Work with internal tables

Once created, an internal Iceberg table behaves like any other table in RisingWave.

Ingest data

You can ingest data using standard INSERT statements or by streaming data from a source using CREATE SINK ... INTO.
-- Manual inserts
INSERT INTO user_events VALUES (1, 'login', '2024-01-01 10:00:00Z');

-- Stream data from a Kafka source into the table
CREATE SOURCE sales_src (
  item_id INT,
  customer_id INT,
  price DOUBLE,
  ts TIMESTAMP
) WITH (
  connector = 'kafka',
  topic = 'sales_events',
  properties.bootstrap.server = 'kafka:9092'
) FORMAT PLAIN ENCODE JSON;

CREATE SINK to_sales_events INTO sales_events AS
SELECT item_id, customer_id, price, ts
FROM sales_src;

Query data

Query the table directly with SELECT or use it as a source for a materialized view.
-- Ad hoc query
SELECT * FROM user_events WHERE event_type = 'login';

-- Create a materialized view
CREATE MATERIALIZED VIEW user_login_count AS
SELECT user_id, COUNT(*) as login_count
FROM user_events 
WHERE event_type = 'login'
GROUP BY user_id;

Time travel

Query historical snapshots of the table using FOR SYSTEM_TIME AS OF or FOR SYSTEM_VERSION AS OF.
-- Query a snapshot by timestamp
SELECT * FROM user_events FOR SYSTEM_TIME AS OF TIMESTAMPTZ '2024-01-01 12:00:00Z';

-- Query a snapshot by ID
SELECT * FROM user_events FOR SYSTEM_VERSION AS OF 1234567890;

Table maintenance

To maintain good performance and manage storage costs, internal Iceberg tables require periodic maintenance, including compaction and snapshot expiration.
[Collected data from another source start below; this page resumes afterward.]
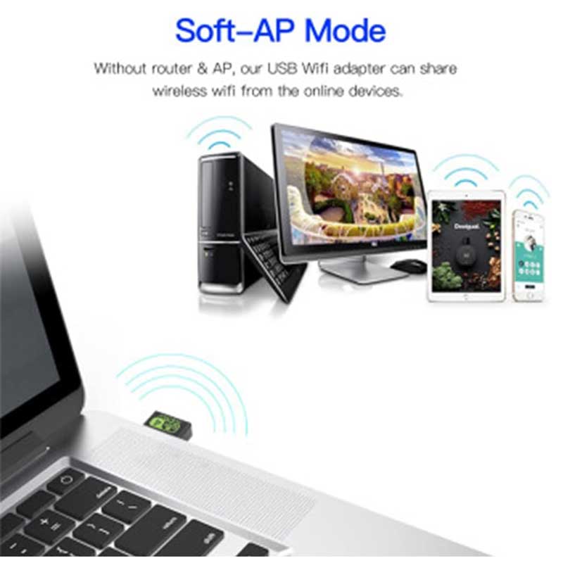 چیپست: Reatek 8811GU. حداکثر سرعت تا ۲.۴ گیگاهرتز ۱۵۰ مگابیت در ثانیه. سازگار با ۸۰۲.۱۱ b/g/n. سازگار با ویندوز ۱۰/۸.۱/۸/۷/XP. درایور FREE، بدون نیاز به سی‌دی یا دانلود آنلاین درایور.
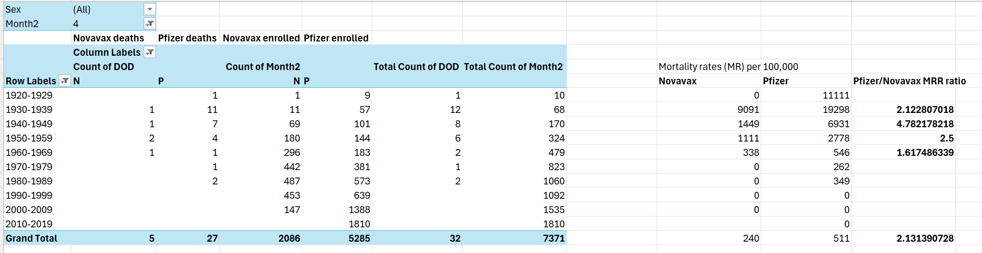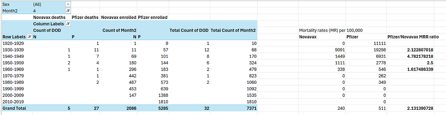 The Pfizer COVID vaccine is also too unsafe to use, but we don’t have enough data to accurately estimate how much it increases all-cause mortality. From the limited data, I believe it’s safe to say Pfizer appears to have at least 10% higher all-cause mortality than Novavax (that is a very conservative estimate since all the data was much higher than that), making Pfizer also completely unsuitable for public use.
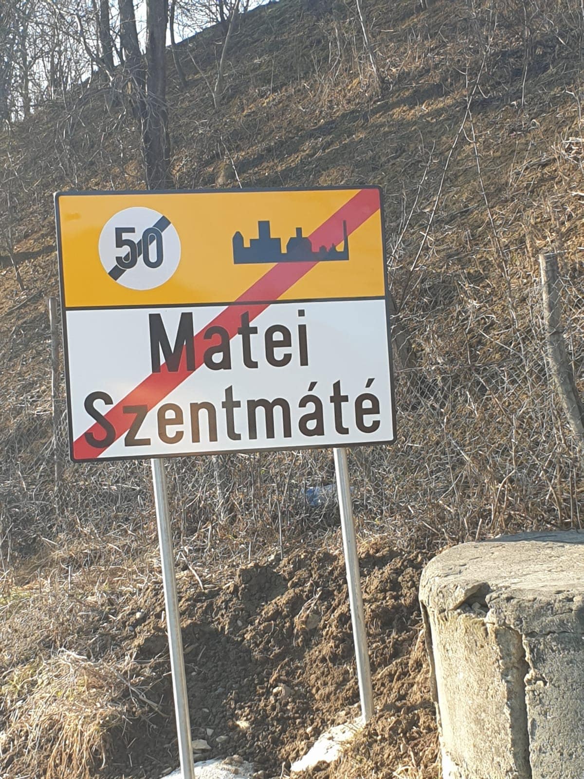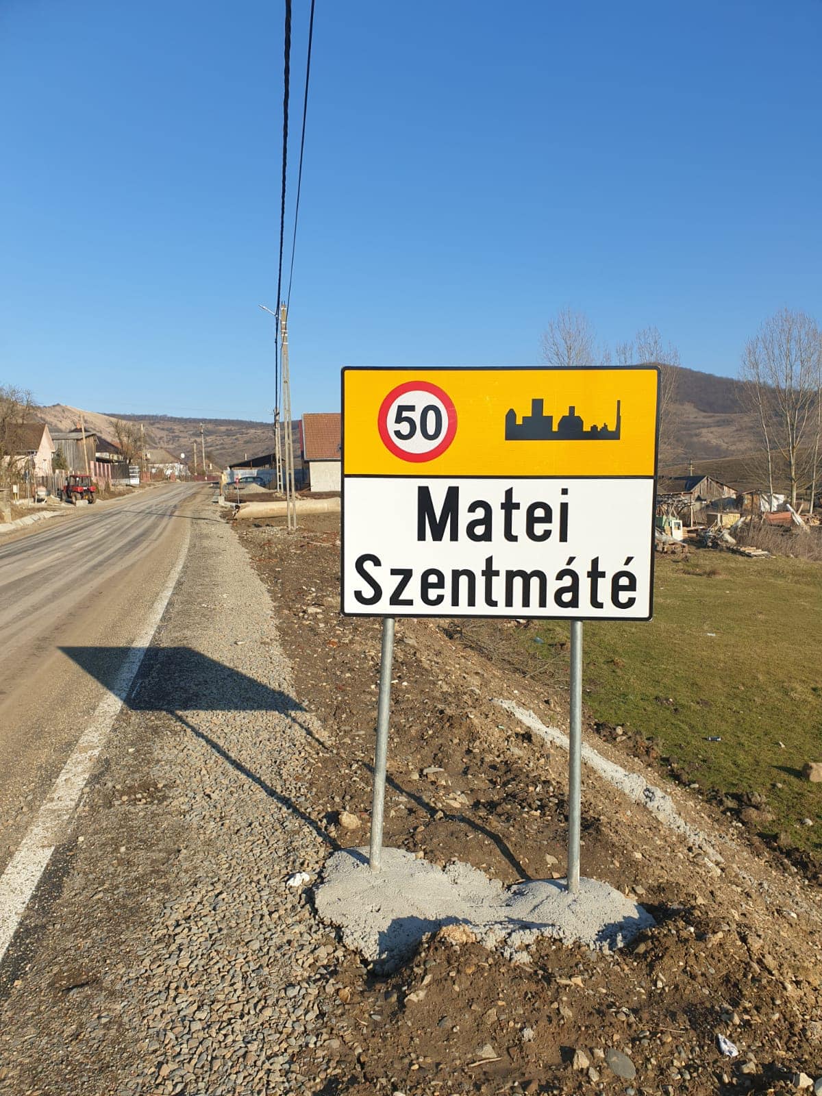Leszerelték a kétnyelvű helységnévtáblákat a 2019-2020 között zajló útburkolat javító munkálatok során, a 172E jelzésű megyei útszakaszon (DJ172E), Szentmáté és Mezőveresegyháza között. Az idei átadásnál viszont, csak egynyelvű helyiségnévtáblákat helyeztek vissza. Ezt a mulasztást Décsei Atilla, az RMDSZ Beszterce-Naszód megyei szervezetének elnöke vette észre, aki az érintett települések RMDSZ elnökeivel egyeztetve, azonnal intézkedett ezügyben.
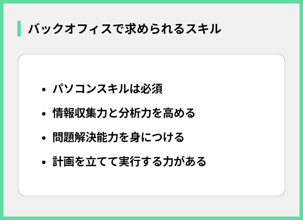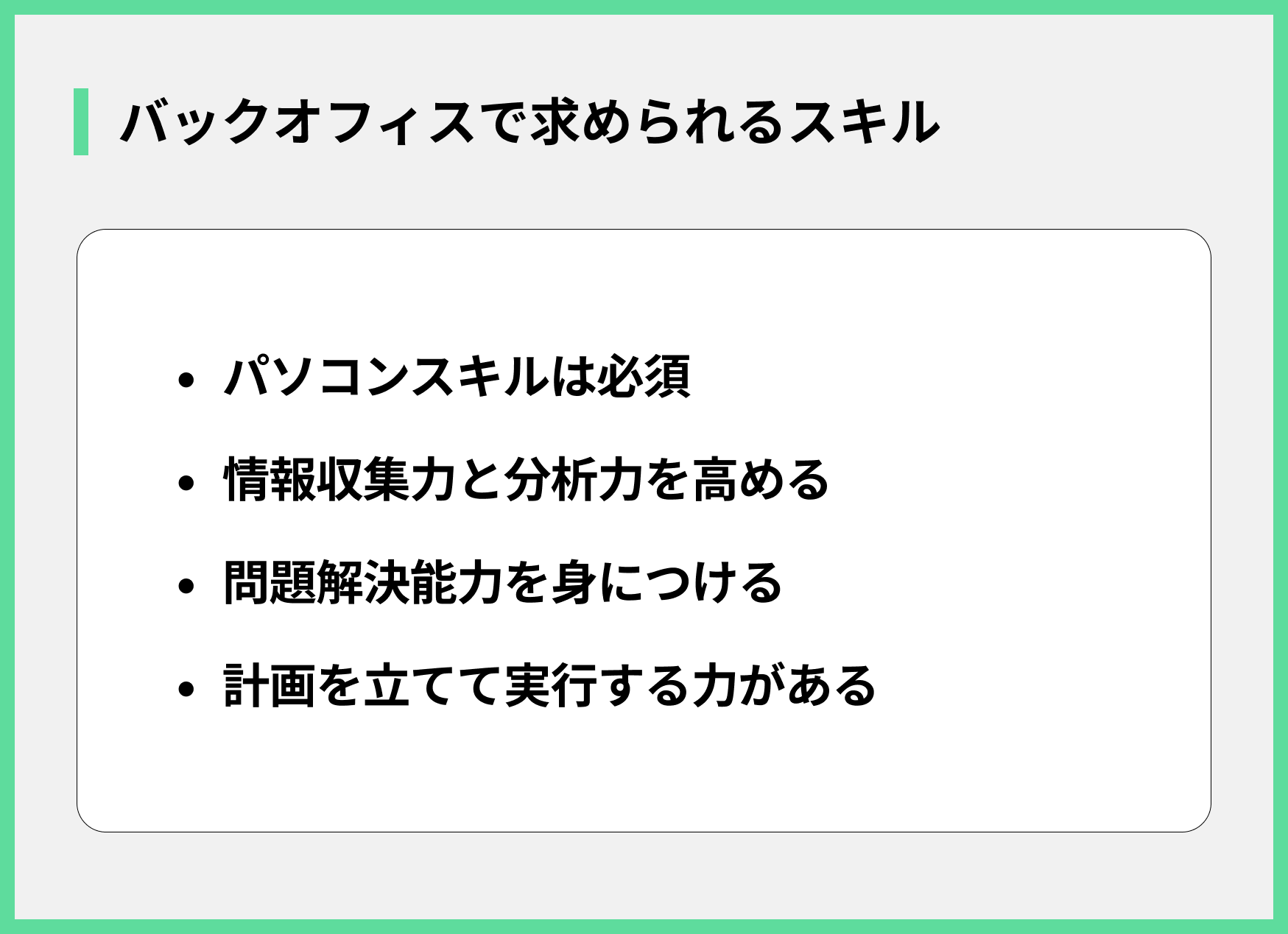 バックオフィス業務で活躍するためには、特定のスキルと能力が求められます。これらのスキルを身につけることで、未経験からでもバックオフィスへの転職を成功させ、業務に貢献できる可能性が高まります。バックオフィス業務で求められるスキルと能力は以下の通りです。

RisingWave provides both automatic and manual maintenance options. For complete details, see the Iceberg table maintenance guide.

External access

Because internal tables are standard Iceberg tables, they can be read by external query engines like Spark or Trino using the same catalog and storage configuration. Spark Example:
spark.sql("SELECT * FROM iceberg_catalog.your_database.user_events")

Limitations

  • Advanced schema evolution operations are not yet supported.
  • To ensure data consistency, only RisingWave should write to internal Iceberg tables.